Four years ago, when Messi and Maradona combined their powers at the 2010 World Cup — it proved disastrous.

Messi failed to sparkle, Maradona cut a figure of fun on the touchline as coach and Argentina was thrashed 4-0 in the quarterfinal by a rampant Germany.

Perhaps now it is time for revenge, for on Sunday, Messi will captain Argentina in the World Cup final — his 93rd appearance for the Albiceleste — against Germany.

He has managed 42 goals in that time, four of which have come in this tournament.

Now more than ever, Argentina needs Messi — it needs the ability to escape the problems which threaten to plague the country, notably a $100 billion default, with the economy shrinking by 11% and unemployment sky-rocketing.

Argentine officials will meet with a mediator in New York on Friday to end a long-running dispute with investors who turned down restructuring terms on the nation’s debt after 2002.

President Cristina Fernandez de Kirchner has not missed the opportunity to take advantage of the World Cup, with the government running nationalistic adverts on state-run television during the games.

If the tactic is to distract the public then it has worked to some extent — and Messi has played his part.

Those celebrating the prospect of a first World Cup final in 24 years allowed their worries to disappear at least temporarily as they celebrated the nation’s Independence Day with extra fervor.

But if Argentina fails to reach a deal by July 30, it will fall into its second sovereign debt in 12 years.

For the moment, though, monetary difficulties are put to one side as the nation fixates on the chance to become world champion for the first time in 28 years.

“I don’t remember such feeling of contentment since I was a child and the return of democracy after the dictatorship in 1983 and then again when we won 1986 World Cup,” added Perez.

“In a time of economic crises and scandals of corruption in the government, this moment provides a huge relief in the middle of adversity.

“So reaching the final game gives us real happiness and makes the country proud.”

Germany represents an almighty challenge for Messi and his team.

This side, which obliterated host nation Brazil 7-1 in Tuesday’s semifinal, believes this is the moment its potential is finally fulfilled.
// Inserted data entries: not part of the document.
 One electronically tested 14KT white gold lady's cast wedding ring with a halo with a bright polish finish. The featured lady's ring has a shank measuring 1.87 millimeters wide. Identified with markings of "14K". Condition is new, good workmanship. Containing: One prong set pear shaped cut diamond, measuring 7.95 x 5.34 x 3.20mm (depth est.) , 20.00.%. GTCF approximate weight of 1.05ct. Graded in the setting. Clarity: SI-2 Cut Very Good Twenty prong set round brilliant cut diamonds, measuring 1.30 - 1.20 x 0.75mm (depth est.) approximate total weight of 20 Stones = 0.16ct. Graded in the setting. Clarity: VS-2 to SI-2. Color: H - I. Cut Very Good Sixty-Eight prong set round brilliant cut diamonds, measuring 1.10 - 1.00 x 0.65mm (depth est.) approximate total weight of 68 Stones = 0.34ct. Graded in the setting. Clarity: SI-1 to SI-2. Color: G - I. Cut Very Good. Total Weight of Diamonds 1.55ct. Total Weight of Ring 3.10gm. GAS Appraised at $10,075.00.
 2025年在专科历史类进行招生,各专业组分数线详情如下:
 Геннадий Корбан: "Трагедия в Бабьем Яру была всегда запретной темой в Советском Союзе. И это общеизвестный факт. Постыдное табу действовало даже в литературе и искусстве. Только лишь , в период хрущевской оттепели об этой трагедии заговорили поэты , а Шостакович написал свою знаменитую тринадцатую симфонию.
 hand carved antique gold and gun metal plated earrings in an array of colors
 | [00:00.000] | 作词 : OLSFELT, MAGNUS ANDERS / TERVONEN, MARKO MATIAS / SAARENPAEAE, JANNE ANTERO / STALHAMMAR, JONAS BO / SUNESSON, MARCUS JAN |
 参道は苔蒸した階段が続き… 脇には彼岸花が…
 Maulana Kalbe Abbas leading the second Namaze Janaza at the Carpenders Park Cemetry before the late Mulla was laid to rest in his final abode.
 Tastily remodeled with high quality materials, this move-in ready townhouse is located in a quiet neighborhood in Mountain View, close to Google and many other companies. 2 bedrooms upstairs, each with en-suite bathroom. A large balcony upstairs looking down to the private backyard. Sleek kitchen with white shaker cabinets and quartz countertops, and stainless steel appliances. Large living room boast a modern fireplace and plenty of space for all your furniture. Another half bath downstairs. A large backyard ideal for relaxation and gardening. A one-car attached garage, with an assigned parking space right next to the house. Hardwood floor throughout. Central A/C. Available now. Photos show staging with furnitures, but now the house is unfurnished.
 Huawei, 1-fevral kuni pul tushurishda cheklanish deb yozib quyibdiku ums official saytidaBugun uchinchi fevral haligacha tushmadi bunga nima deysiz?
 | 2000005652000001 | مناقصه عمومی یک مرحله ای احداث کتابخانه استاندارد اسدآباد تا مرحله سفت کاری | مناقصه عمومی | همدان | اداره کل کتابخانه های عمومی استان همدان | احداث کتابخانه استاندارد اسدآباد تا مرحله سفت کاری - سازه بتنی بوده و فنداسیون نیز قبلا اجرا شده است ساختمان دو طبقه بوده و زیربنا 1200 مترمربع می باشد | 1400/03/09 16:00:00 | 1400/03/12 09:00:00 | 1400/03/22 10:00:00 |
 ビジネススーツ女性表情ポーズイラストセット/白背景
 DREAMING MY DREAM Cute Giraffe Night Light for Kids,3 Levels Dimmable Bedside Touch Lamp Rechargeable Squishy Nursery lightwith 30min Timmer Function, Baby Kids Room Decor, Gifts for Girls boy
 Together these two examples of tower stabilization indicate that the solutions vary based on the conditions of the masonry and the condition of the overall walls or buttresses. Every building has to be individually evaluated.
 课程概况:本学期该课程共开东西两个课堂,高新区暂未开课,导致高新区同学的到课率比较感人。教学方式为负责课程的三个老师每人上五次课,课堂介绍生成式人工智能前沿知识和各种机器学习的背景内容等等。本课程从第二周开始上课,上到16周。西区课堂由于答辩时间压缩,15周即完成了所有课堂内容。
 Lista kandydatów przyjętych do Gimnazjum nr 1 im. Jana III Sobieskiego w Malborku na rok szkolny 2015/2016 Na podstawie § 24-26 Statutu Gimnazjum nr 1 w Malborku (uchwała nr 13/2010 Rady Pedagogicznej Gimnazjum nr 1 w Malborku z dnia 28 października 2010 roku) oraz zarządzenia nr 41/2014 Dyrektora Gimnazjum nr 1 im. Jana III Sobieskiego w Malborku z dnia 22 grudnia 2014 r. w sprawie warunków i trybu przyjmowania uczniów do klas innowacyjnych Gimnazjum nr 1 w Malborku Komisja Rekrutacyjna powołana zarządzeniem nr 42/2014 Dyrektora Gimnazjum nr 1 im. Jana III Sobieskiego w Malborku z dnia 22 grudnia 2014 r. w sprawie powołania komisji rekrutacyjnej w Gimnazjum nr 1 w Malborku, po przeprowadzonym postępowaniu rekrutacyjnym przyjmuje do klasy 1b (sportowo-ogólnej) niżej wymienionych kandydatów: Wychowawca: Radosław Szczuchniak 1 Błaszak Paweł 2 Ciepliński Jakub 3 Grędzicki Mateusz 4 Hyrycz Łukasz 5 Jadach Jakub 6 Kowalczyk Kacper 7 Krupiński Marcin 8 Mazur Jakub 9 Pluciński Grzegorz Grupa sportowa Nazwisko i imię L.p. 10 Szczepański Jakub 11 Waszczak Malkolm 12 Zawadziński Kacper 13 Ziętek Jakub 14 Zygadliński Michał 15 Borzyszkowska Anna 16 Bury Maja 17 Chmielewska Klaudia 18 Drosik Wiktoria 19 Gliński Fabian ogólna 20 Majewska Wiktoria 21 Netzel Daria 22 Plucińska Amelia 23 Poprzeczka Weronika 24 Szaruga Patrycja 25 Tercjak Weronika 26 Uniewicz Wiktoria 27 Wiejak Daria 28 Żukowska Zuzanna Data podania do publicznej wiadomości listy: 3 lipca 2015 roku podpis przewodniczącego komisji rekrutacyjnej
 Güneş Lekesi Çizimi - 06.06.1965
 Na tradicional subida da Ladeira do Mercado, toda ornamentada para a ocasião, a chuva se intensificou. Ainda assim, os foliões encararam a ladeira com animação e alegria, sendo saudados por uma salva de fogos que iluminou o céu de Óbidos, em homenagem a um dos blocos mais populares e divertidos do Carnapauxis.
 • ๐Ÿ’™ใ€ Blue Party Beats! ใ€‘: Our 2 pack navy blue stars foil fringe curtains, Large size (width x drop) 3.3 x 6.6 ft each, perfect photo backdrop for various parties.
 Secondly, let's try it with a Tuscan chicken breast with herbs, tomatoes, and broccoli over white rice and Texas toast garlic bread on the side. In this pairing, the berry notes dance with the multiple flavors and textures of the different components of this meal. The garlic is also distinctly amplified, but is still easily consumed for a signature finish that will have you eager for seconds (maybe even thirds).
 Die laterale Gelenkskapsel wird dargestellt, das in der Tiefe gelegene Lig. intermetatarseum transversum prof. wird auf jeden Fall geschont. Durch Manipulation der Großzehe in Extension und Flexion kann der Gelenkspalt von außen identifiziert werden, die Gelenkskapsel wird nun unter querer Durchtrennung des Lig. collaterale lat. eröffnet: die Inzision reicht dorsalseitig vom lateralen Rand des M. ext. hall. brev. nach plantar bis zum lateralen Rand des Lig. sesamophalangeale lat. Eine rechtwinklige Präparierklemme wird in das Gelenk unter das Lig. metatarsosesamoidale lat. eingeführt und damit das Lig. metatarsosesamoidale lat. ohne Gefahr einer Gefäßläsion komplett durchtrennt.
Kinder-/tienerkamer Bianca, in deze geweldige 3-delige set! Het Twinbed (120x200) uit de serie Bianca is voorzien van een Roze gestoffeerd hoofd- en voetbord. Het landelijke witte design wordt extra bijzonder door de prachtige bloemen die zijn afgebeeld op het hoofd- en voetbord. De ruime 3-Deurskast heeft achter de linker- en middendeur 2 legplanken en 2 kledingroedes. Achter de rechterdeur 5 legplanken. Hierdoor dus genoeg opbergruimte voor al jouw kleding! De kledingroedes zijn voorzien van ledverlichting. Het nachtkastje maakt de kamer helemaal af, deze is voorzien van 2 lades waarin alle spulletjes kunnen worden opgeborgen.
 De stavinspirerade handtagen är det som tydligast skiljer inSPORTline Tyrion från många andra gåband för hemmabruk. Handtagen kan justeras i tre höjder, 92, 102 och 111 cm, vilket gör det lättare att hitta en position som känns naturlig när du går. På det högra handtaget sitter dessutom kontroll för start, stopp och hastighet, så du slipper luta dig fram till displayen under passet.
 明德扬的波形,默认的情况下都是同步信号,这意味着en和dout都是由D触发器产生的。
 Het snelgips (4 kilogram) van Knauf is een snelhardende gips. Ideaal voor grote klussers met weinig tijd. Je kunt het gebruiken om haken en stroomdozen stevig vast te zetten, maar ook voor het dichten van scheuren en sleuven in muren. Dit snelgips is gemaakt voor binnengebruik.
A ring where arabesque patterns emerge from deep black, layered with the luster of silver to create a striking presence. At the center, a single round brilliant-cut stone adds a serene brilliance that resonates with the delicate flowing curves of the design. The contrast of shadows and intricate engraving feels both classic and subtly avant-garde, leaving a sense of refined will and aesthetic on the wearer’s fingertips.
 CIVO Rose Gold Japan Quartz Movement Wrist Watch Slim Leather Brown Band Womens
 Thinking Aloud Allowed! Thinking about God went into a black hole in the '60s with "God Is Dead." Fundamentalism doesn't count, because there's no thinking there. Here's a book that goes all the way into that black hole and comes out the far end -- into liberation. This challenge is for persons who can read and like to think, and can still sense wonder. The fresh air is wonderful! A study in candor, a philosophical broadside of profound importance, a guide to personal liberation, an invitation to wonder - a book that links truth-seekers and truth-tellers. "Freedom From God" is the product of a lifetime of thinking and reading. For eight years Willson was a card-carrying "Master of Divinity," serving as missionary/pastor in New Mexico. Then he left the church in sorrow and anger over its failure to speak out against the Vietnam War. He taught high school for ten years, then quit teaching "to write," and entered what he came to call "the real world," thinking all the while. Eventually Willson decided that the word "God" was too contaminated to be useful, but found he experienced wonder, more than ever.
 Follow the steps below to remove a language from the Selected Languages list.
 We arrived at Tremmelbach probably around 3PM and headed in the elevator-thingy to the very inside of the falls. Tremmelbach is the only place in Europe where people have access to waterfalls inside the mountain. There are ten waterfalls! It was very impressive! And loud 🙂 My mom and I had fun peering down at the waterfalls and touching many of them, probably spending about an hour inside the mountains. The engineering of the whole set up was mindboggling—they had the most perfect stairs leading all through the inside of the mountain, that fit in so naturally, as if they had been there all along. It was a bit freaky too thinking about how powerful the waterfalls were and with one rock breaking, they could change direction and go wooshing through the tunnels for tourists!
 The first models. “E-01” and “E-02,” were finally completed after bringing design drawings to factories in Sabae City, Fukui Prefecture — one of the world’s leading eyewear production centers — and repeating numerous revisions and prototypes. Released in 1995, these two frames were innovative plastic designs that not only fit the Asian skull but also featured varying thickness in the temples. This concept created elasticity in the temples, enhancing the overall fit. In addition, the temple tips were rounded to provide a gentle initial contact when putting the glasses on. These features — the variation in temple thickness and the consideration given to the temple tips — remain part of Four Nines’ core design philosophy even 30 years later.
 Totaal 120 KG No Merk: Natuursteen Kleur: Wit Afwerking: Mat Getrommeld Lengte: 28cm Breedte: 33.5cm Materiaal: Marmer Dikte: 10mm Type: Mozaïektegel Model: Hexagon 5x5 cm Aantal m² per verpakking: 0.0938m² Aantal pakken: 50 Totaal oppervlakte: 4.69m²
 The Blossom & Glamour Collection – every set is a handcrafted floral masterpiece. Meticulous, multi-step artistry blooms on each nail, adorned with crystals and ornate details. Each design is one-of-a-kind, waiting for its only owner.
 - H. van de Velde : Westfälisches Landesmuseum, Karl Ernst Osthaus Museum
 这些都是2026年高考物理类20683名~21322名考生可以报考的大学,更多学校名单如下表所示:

But for Argentina, this opportunity is one it cannot afford to pass up after waiting for so long.

“Brasil, Decime Qué Se Siente” — translated to “Brazil, Tell Me How It Feels” — is the song that has been sung throughout the tournament by Argentine fans confident of their team’s success.

Those words have become more venomous since Brazil’s abject exit, and those who had dreamed of a home victory could be about to witness the host country’s worst nightmare — an Argentine World Cup-winning party on the Copacabana.

That is the dream that 40 million Argentines will pray for their footballing prophet to deliver.